3.1. Genome Extraction and cDNA Synthesis

Viral RNA was extracted by RNX-Plus solution (Sinaclon Bioscience Co., Iran) based on the guanidine thiocyanate method according to the manufacturer’s instructions. Reverse transcription was carried out using a cDNA synthesis kit (Thermo Scientific, USA) briefly as follows: 10 µL of RNA was utilized as a template and 1µL of random primer and 1µL of water were utilized to prepare the first master mix. After incubating the master mix at 65ºC for 5 min and chilling it on ice, the second master mix was prepared based on the manufacturer's instructions. The master mixes were mixed and incubated at 42ºC for 1 h. The reaction was terminated at 70ºC for 5 min.

3.2. Polymerase Chain Reaction for Virus Detection

Each sample was subjected to the Polymerase Chain Reaction (PCR) assay by universal primers for the 5’UTR region for Enterovirus detection. A master mix for the PCR, containing 2.5 µL of 10x PCR buffer mixed with 0.5 µL of dNTP mix (0.2 mM), 0.75 µL (1.5 mM) MgCl2, 10 pM of each primer, 0.2 µL (1 unit) of Taq polymerase, and double distilled water up to 25 µL, was prepared for 35 cycles. The expected 150 and 400 bp bands were visualized by safe stain (Sinaclon, Iran) under UV transilluminator. The first smaller band was utilized for the detection of Enterovirus and the second band was used for 5’UTR sequencing. The PCR primers are shown in Table 1.

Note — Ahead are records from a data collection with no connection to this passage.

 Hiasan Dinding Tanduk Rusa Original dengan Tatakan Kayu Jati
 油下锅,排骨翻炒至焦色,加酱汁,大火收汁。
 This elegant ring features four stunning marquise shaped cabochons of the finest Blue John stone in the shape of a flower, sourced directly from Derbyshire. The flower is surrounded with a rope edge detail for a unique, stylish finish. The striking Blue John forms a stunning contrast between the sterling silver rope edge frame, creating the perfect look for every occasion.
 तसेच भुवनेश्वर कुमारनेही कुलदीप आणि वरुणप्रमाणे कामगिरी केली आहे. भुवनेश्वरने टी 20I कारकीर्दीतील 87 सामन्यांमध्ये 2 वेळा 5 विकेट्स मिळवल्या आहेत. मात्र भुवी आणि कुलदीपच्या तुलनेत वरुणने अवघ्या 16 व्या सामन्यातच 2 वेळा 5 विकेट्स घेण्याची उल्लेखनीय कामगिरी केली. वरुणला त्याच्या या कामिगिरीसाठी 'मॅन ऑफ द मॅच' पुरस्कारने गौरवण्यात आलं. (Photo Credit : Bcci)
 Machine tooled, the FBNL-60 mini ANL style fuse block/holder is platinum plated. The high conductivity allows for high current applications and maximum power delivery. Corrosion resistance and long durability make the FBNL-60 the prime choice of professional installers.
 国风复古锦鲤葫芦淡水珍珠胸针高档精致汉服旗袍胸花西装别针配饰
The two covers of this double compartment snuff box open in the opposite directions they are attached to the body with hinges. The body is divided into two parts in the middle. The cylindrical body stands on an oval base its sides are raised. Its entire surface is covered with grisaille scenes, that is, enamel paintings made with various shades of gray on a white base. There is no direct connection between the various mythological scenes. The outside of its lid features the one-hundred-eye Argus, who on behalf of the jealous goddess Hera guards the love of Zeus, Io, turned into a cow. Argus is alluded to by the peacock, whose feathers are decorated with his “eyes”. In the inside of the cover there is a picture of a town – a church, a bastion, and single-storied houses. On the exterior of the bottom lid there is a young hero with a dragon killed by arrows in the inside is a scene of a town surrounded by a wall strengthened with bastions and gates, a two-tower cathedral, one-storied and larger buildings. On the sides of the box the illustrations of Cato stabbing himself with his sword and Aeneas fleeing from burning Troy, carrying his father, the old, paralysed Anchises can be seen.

Table 1. Enterovirus Universal and Specific Primers
Genomic RegionSequenceProduct Size, bpReference
Enteroviruses5’UTRSense (evf2): TCCTCCGGCCCCTGAATGCG150(9, 10)
Antisense (evr1): ATTGTCACCATAAGCAGCCA
5’UTRSense (evf1): CAAGCACTTCTGTTTCCCCGG400
Antisense (evr2): CACGGACACCCAAAGTA
Enterovirus group AVP3-VP1Sense (486): TGGTAICARACIAAITWYGTIGTNCC760(11)
Antisense (488): GTIGGRTAICCITCITARAACCAYTG
VP1-2ASense (487): ATGTWYGYICCICCIGGIGCNCC450
Antisense (489): AYIGCICCISWITGYTGNCC
Enterovirus group BVP3-VP1Sense (008): GCRTGCAATGAYTTCTCWGT650(12)
Antisense (013): GGIGCRTTICCYTCIGTCCA
VP1-2ASense (012): ATGTAYGTICCICCIGGIGG450
Antisense (011): GCICCIGAYTGITGICCRAA

3.3. PCR for Virus Genotyping

In order to determine the virus genotype for groups A and B Enteroviruses, the PCR assay was designed by specific primers for VP3-Vp1 and VP1-2A half of the Enterovirus VP1 region (Table 1). The PCR components and their concentrations were the same as the earlier reactions mentioned for 5’UTR. The expected 650 and 450-bp bands for VP3-VP1 and VP1-2A regions, respectively, for Enterovirus group B and 740 and 450-bp bands for Enterovirus group A were visualized under UV transilluminator. Finally, positive Enterovirus samples for the 5’UTR and VP1 regions were confirmed by DNA sequencing (Bioneer, Korea) while phylogenetic trees were constructed by comparing the sequences.

4. Results

Among the 16 specimens, nine (56.25%) were PCR-positive with the universal primers for the 5’UTR region. Six (66.6%) out of the nine positive cases were from males while two (22.2%) were from females and one positive sample was from an unknown patient (with no information about its gender). The PCR assay with specific primers for the VP1 region was carried out on these nine samples. Nine PCR products of the 5'UTR region, five PCR products of the VP3-VP1 region, and four PCR products of the VP1-2A region of the Enterovirus-positive cases were sequenced (Bioneer Company, South Korea). Seven of the nine samples were recognized as Coxsackievirus A6 while two of them were Echovirus 30 and Echovirus 6. The 5’UTR sequence of the Echovirus 6 sample in our study showed 94% similarity to the wide spectrum of group B Enteroviruses, especially Echovirus 24, 21, and 15, not to a specific serotype; it also showed 93% similarity to Echovirus 6, strain Russia, in its VP1 region. Another sample showed 93% similarity to Coxsackievirus A6 that was lower than other Coxsackieviruses in this study. Phylogenetic trees were drawn for all the sequenced samples based on the 5’UTR, VP3-VP1 half, and VP1-2A half regions (Figure 1).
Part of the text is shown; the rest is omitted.